Supported Python and NumPy versions are determined according to the NEP 29 deprecation policy.

Where to get it

Conda install (preferred):

conda install -c conda-forge stumpy

PyPI install, presuming you have numpy, scipy, and numba installed:

python -m pip install stumpy

To install stumpy from source, see the instructions in the documentation.

Documentation

In order to fully understand and appreciate the underlying algorithms and applications, it is imperative that you read the original publications. For a more detailed example of how to use STUMPY please consult the latest documentation or explore the following tutorials:

Performance

We tested the performance of computing the exact matrix profile using the Numba JIT compiled version of the code on randomly generated time series data with various lengths (i.e., np.random.rand(n)) along with different CPU and GPU hardware resources.

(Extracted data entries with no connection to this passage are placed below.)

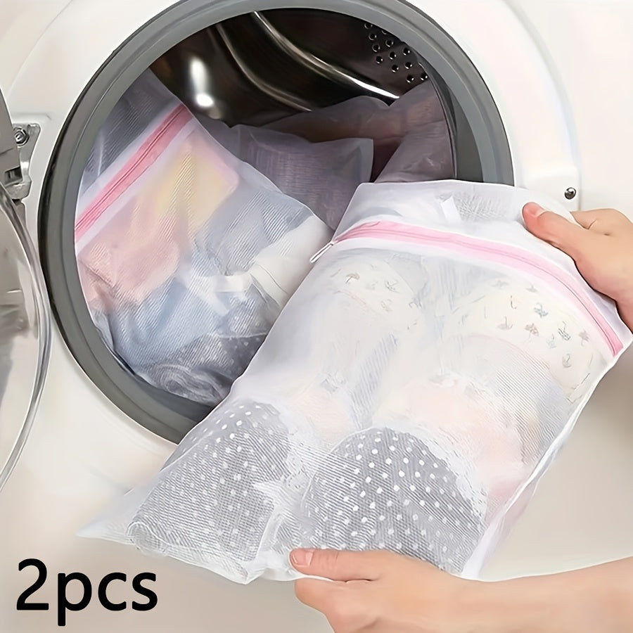 Set of 2 Laundry Mesh Bags for Clothing Storage and Travel Durable Polyester Zipper Bags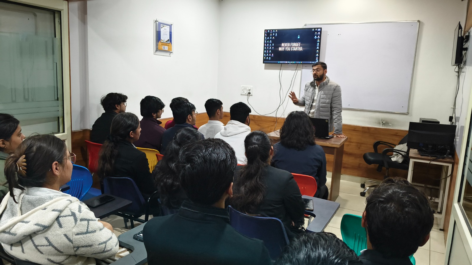 During the visit, Mr. Bhavtosh Sisodiya, an industry expert from Croma Campus, conducted an interactive doubt-clearing and training session, where students explored various aspects of Data Analytics.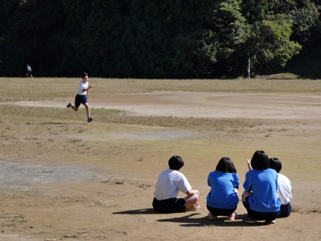 3年生は、体育の時間にマラソン大会に向けてコース練習をしました。コースを走り終えた生徒が、ゴールを目前の生徒に対して「ラスト、ガンバ!」「○○○!ガンバレ!」などと励ます様子に、クラスの仲のよさを感じるとともにほほえましく思いました。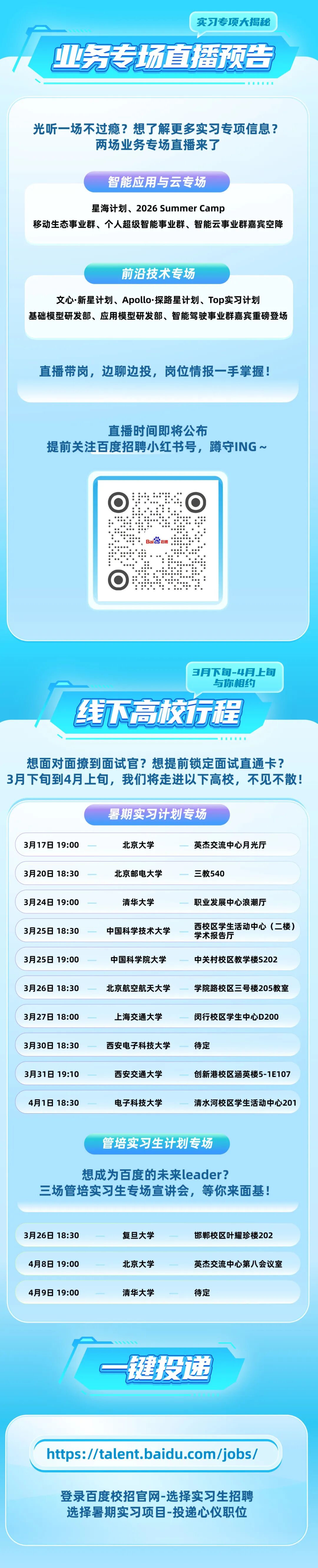 面试直通卡发放中,百度2027届暑期实习宣讲行程发布!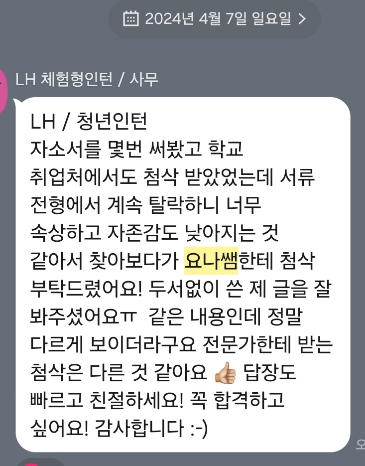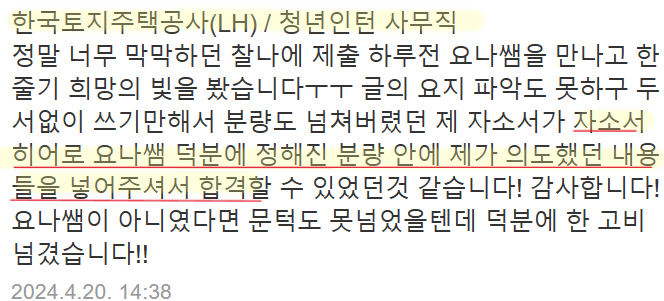 - LH 체험형 인턴 과정을 통해 직무 역량을 실질적으로 키우고 싶다는 목표를 설정합니다.
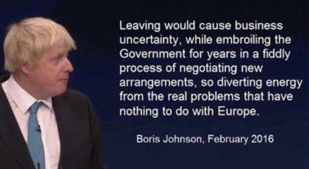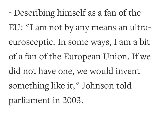 Until he decided that becoming a Brexiter was a good long term career move, Boris Johnson was a supporter of Britain’s membership of the EU who repeatedly praised its strengths while openly warning about the perils of leaving.pic.twitter.com/CSeDmUEoAz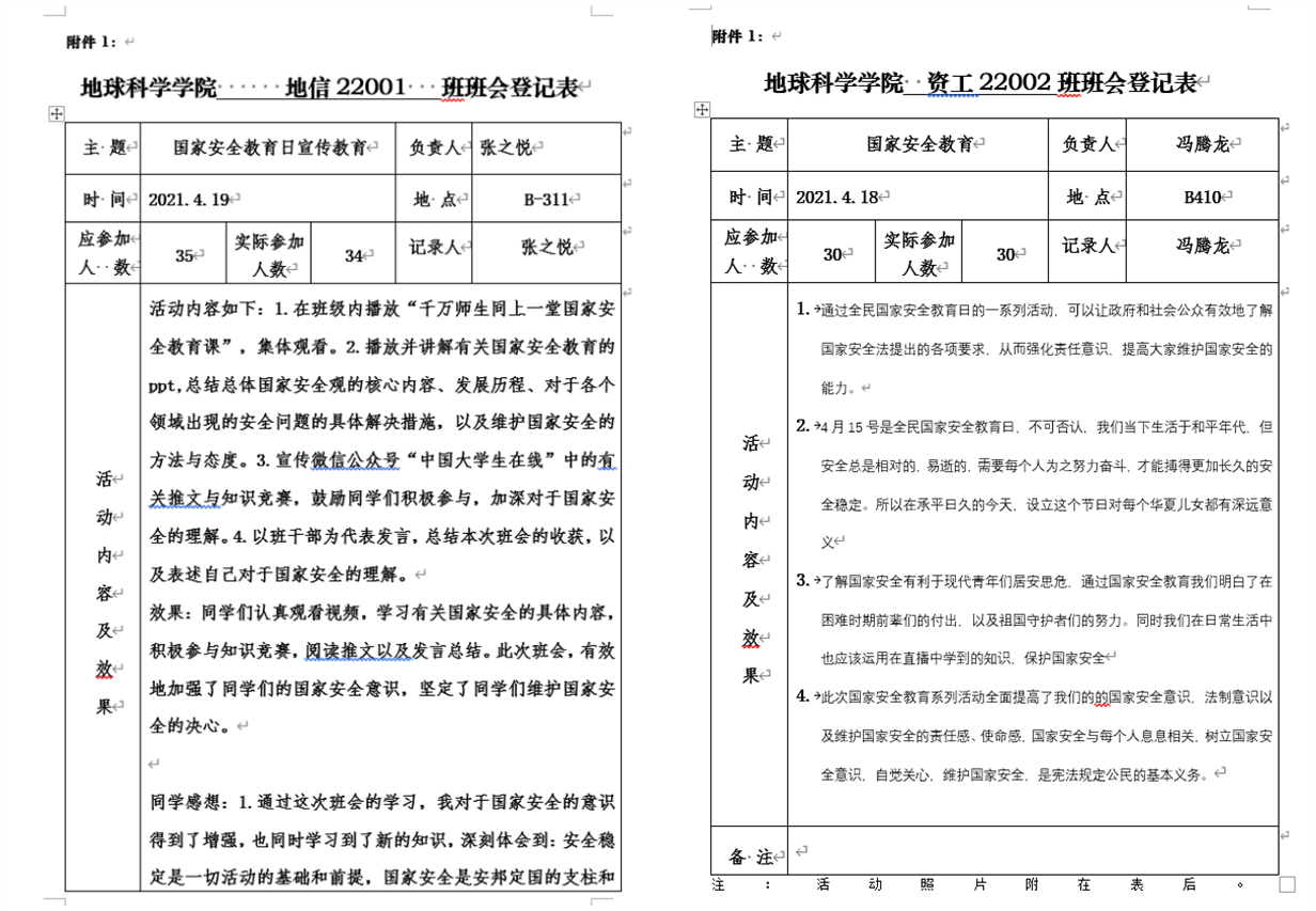 主题班会上,同学们积极发言。地质22001班李纾羽同学说:“在‘全民国家安全教育日’到来之际,我们要牢牢抓住这一机会,充分利用网络、媒体、宣传栏等媒介,将国家安全的重要性、如何守护国家安全的方式、方法等问题对广大人民群众进行宣传、教育和引导,让国家安全意识更加深入人心,激发出每个人都参与国家安全守护的动力。”资工22002班冯腾龙同学说:“此次国家安全教育系列活动全面提高了我们的国家安全意识,法治意识以及维护国家安全的责任感、使命感,国家安全与每个人息息相关,树立国家安全意识,自觉关心,维护国家安全,是宪法规定公民的基本义务。”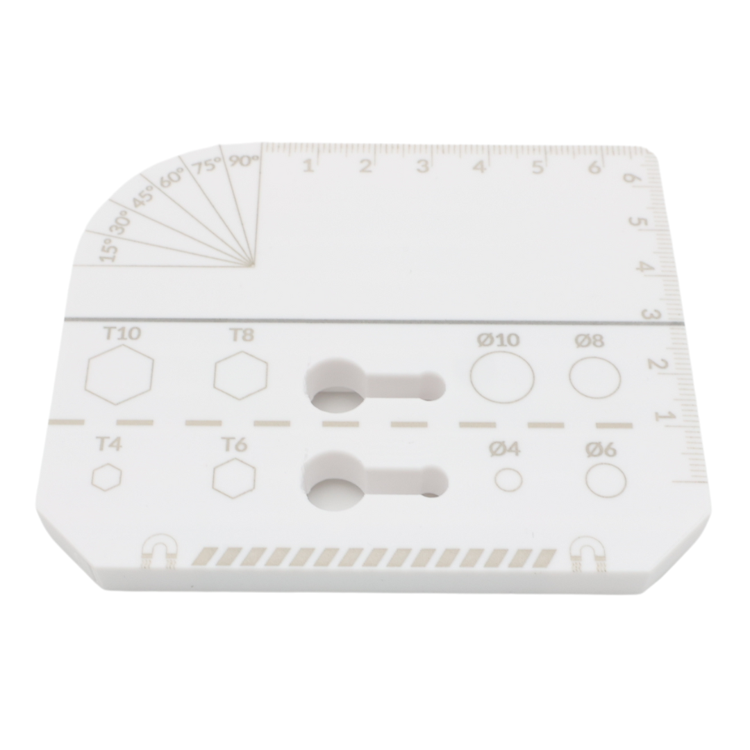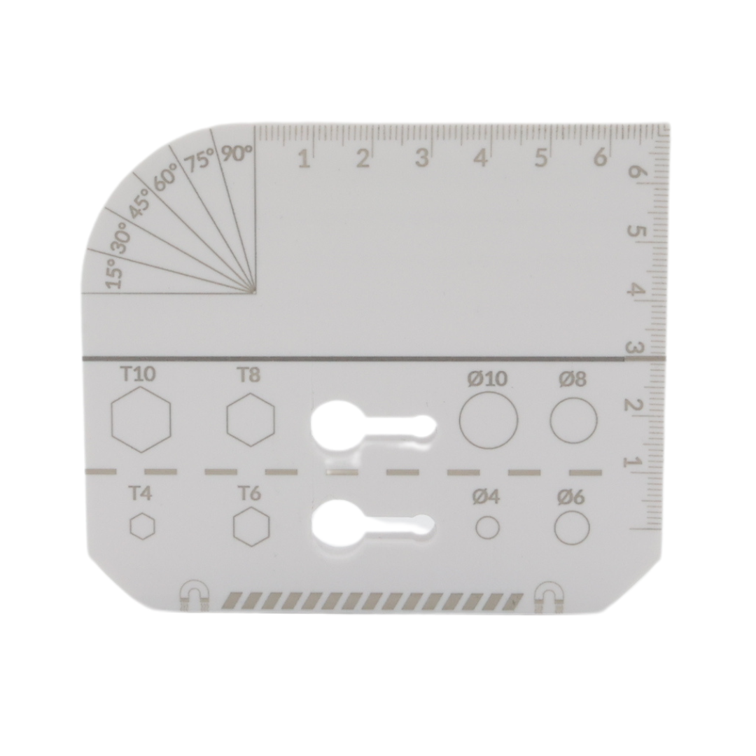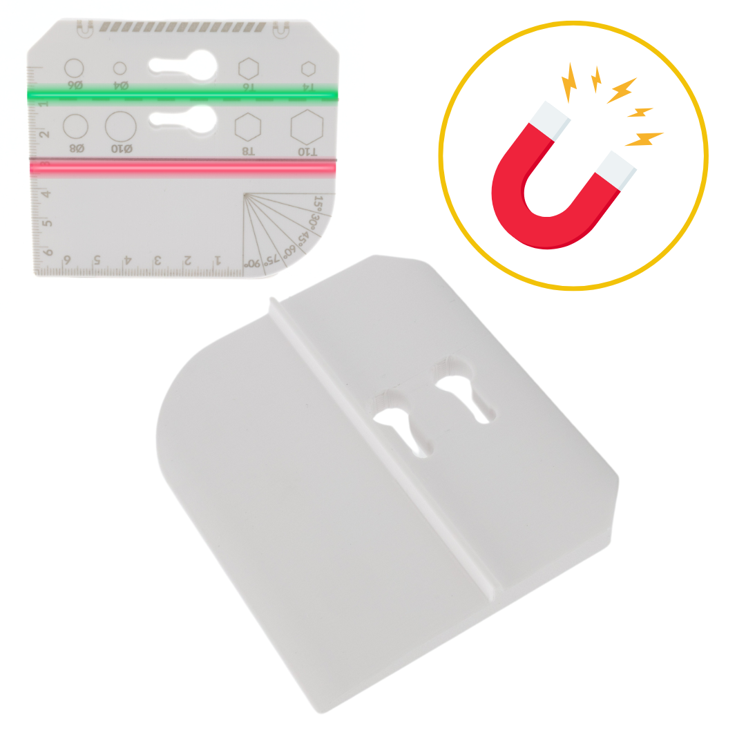 Narzędzie magnetyczne do płyt zawiera również mini linijkę z miarką rozpoczynającą się od samej krawędzi oraz kątomierz, co czyni je wszechstronnym i praktycznym w różnych zastosowaniach.

The raw results are displayed in the table below as Hours:Minutes:Seconds.Milliseconds and with a constant window size of m = 50. Note that these reported runtimes include the time that it takes to move the data from the host to all of the GPU device(s). You may need to scroll to the right side of the table in order to see all of the runtimes.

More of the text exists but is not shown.